My question is this -- are you planning on having only 2 dimensions for the map or 3 in the event that you want to do some kind of map-switch?

Just 2, a chessboard with special squares (only bigger of course)

er, now that I think about it though, is it possible to have like dungeons or something that have their own specific map layouts?

Just 2, a chessboard with special squares (only bigger of course)

er, now that I think about it though, is it possible to have like dungeons or something that have their own specific map layouts?

Of course. It's your multi-dimension array, you can set it up any way you like.

You're going to want to do this the easy way... and when I mean the easy way I mean having your map already built in a .txt file then read the characters into a 2D char array...

#ifndef MAPXSIZE
#define MAPXSIZE 8
#endif
#ifndef MAPYSIZE
#define MAPYSIZE 8
#endif

typedef char MapArray[MAPXSIZE][MAPYSIZE] = {0};

MapArray firstMap, dungeon1Map, dungeon2Map; //... however many maps that you may need

//code to fill map with chars from .txt file

Why would you want to fill up the array with chars though?

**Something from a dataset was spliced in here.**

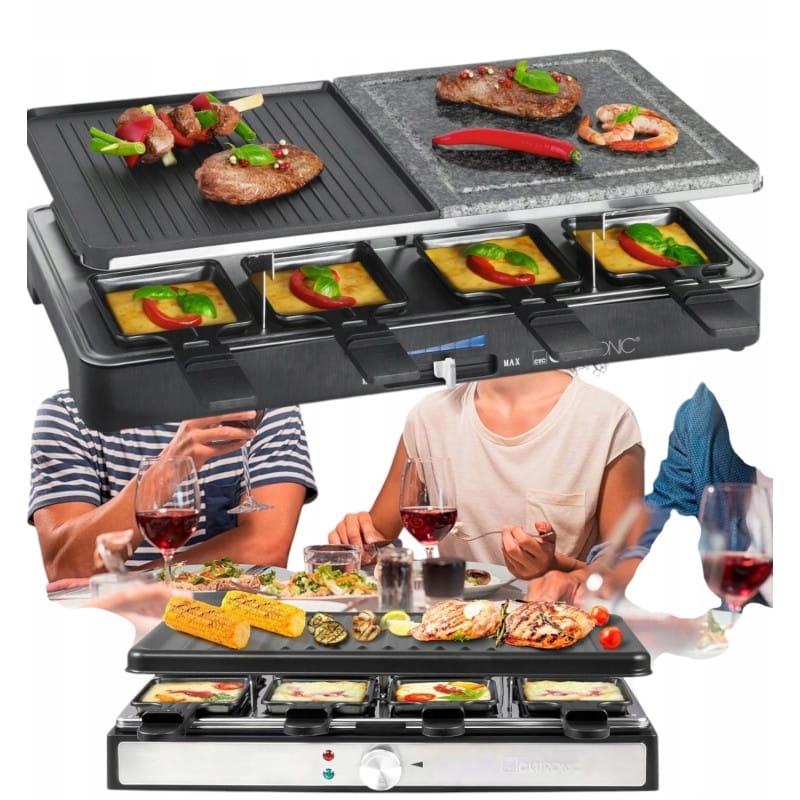 GRILL ELEKTRYCZNY RACLETTE XXL 1400W dla 8 osób dwustronna płyta szpatułkiNAJWYŻSZEJ JAKOŚCIELEKTRYCZNY GRILL RACLETTERENOMOWAJEN FIRMY CLATRONICMODEL: RG 3757Elektryczny grill typu raclette pozwoli ci cieszyć się grillowanymi i pieczonymi potrawami przez cały rok.Dwa poziomy grzania pozwalają na równoczesne grillowanie różnych potraw.Skorzystaj z 8 patelni, na których podasz potrawy w porcjach, np. szaszłyki, grillowane warzywa, jajecznicę lub risotto każdemu osobno.Łatwo ustawisz temperaturę za pomocą pokrętła - max do 1400 WDzięki mocy max 1400 W przypieczesz bardzo szybko warzywa, mięso lub kanapki z topionym serem. Grill szybko się nagrzewa i stabilnie podtrzymuje ciepło na obu poziomach. Temperaturę łatwo wyregulujesz korzystając z płynnie działającego termostatu.Konstrukcja grilla umożliwia grillowanie na dwóch poziomach: u dołu i u góry.Na dole oddzielisz od siebie grillowane produkty korzystając z 8 patelni. Możesz także przygotować potrawy w porcjach i podać je od razu do stołu, stawiając patelnie na odpornych, na temperaturę podstawkach.Górny poziom to gładka płaszczyzna idealna do wykorzystania przy większej ilości produktów lub dla biesiadników do wspólnego korzystania. Dzięki dwóm poziomom grzania grill nie zabiera dużo miejsca.Powierzchnia, którą masz do dyspozycji wynosi 42 x 21 cm. Wygodnie przyrządzisz potrawy ustawiając urządzenie na blacie.Dzięki temu, że powierzchnie pokryte są nieprzywierającą powłoką typu teflon, bardzo łatwo je wyczyścisz przecierając wilgotną szmatką, gdy jeszcze będą ciepłe.Czarna obudowa z dodatkami ze stali nierdzewnej pasuje do wystroju każdej kuchni.Najważniejsze cechy elektrycznego grilla raclette RG 3757:Nie nagrzewająca się obudowa Cool touchDo grillowania i opiekaniaMoc 1200–1400 WDemontowalna płyta grillowaNieprzywierająca powłoka na płytach grillowych i patelniach (łatwa do czyszczenia)8 patelni8 drewnianych szpatułekBezstopniowo regulowany termostat z pokrętłem ze stali nierdzewnejWskazanie „gotowości” temperatury2 lampki kontrolnePowierzchnia grilla: ok. 42 x 21 cmBezpieczna, stabilna podstawa dzięki gumowanym nóżkomZasilanie: 220–240 V, 50–60 HzSzybkie nagrzewanieDuża moc - od 1200 do 1400 WWszechstronnośćGrillowanie, zapiekanie oraz smażenieDuża powierzchniaCałkowita powierzchnia górnej części grilla to ok. 42 x 21 cmŁatwe czyszczenieGrill jest niezwykle łatwy w utrzymaniu czystości dzięki demontowalnym elementom i specjalnej powłoce zapobiegającej przywieraniu.Idealny na prezentUrządzenie posiada eleganckie opakowanie, dzięki czemu idealnie sprawdzi się, jako prezent!Wymiary grilla:Wymiary (ok. szer. x wys. x gł.) i wagaUrządzenie: 420 x 120 x 210 mm; 2.57 kgOpakowanie: 502 x 280 x 178 mm; 3.10 kg Produkt został odznaczony certyfikatem FOCUS - TEST DEUTSCHLANDS BESTECertyfikat TEST DEUTSCHLANDS BESTE został przyznany na podstawie badań przeprowadzonych przez „Germanys best household electronics”. W ramach testu porównane zostały produkty z ponad 20 000 marek z 274 segmentów rynkowych.Celem wyróżnienia „Focus” jest wskazywanie produktów cieszących się największym uznaniem konsumentów. Certyfikat przyznany jest na podstawie badań niemieckiego rynku i potwierdza wysoką jakość produktów a także świadczy o dużym zaufaniu konsumentów i renomie marki.slimtex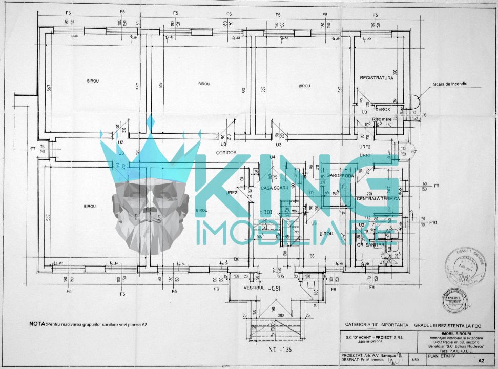 KING IMOBILIARE va propune spre INCHIRIERE un Spatiu Birouri cu 4 camere , nemobilat si utilat/a in zona “ Grozavesti ”

You're trying to display your map on the screen correct?

Doing so with characters is your best bet unless you're using Windows API and you're forming an application.

You'll have to give me more details on your program - I'm thinking that you're making a text-based RPG to be seen in the Console screen, so the first thing that came to mind were pre-placed characters from a text file.

a char will hold a single character, which is just an 8-bit int.

what information are you trying to contain in any 'square'?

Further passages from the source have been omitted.